The Omega Speedmaster is Steeped in History

Omega Speedmaster

Few watches have kept enthusiasts excited for as long as the Omega Speedmaster has, and few have the history and legacy. Though it started life as a motorsport-related timepiece, the Speedmaster earned its iconic “Moonwatch” nickname in 1962 when astronaut Walter Schirra wore one on a Mercury mission.

Today, Omega makes a dizzying number of special editions, limited models, and themed models with ties to sport and racing. The original is still on sale, however, and remains one of the most affordable and wearable models in Omega’s vast catalog. 

Omega Speedmaster

The Speedmaster Professional honors its heritage by retaining a hand-wound movement and unique Hesalite crystal. The Omega 1861 movement offers a 48-hour power reserve, so you won’t have to wind the watch every day. Hesalite, a brand name for what is essentially plexiglass, was used to avoid the risk of shattered glass or crystal in space. Omega still uses the material today, which gives the Speedmaster Professional a unique vintage look.

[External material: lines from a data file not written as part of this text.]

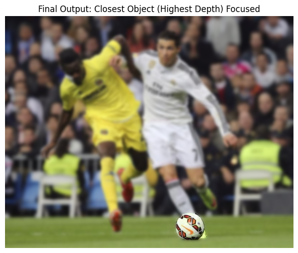 plt.title("Final Output: Closest Object (Highest Depth) Focused")
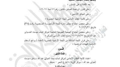 نشرت جريدة "الوقائع المصرية" في عددها رقم 223 تابع (ج)، الصادر في 4 أكتوبر 2017، قرار اللجنة الأوليمبية رقم 274 لسنة 2017، باعتماد لائحة النظام الأساسي لمركز شباب ميت الخولي عبدالله، ومقره ميت الخولي ...
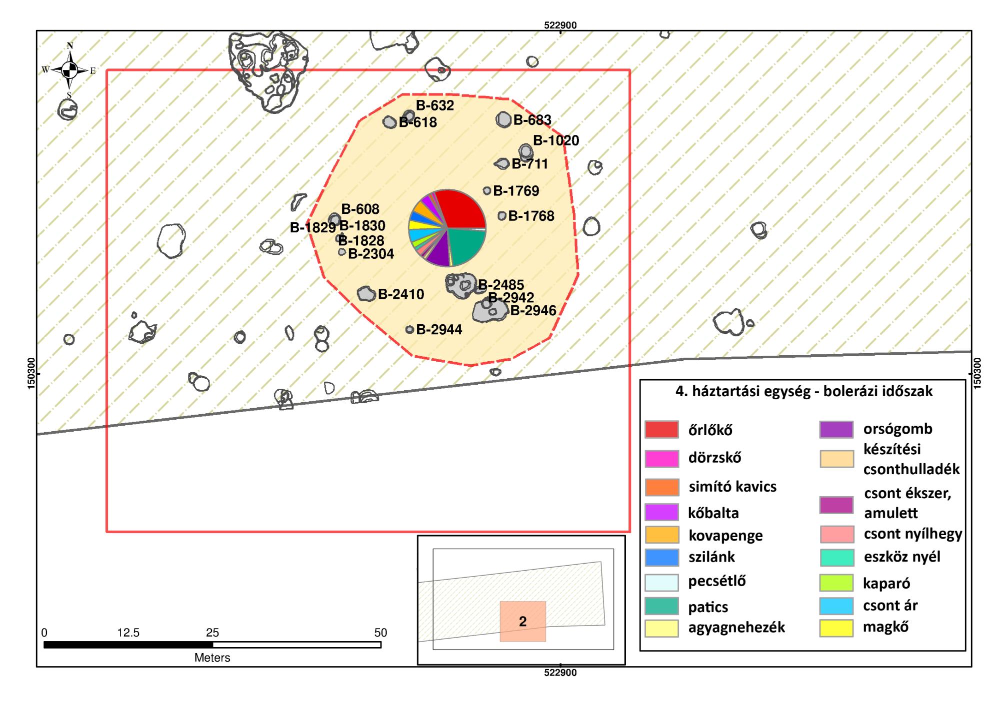 4. kép: Régészeti leletek megoszlása a késő rézkori objektumokban egy feltételezett háztartási egységen belül Balatonkeresztúr Réti-dűlő lelőhelyen

Some variants come in case sizes that exceed 44mm, but the classic 42mm size is still alive and kicking. Stainless steel is the traditional Speedmaster metal, but Omega offers precious metal options for those wanting more flash. At the same time, the Speedmaster isn’t a water sports watch, as it only offers a water resistance of 50m/167 feet. 

Omega Speedmaster

If you’re shopping for an Omega Speedmaster Professional today, you have a few options. Omega has made the watch with a sapphire caseback or solid caseback in recent years, and the “sapphire sandwich” models tend to be more desirable. You also have a choice between a strap or bracelet, though it’s always advisable to get the bracelet up front to save money buying one separately later.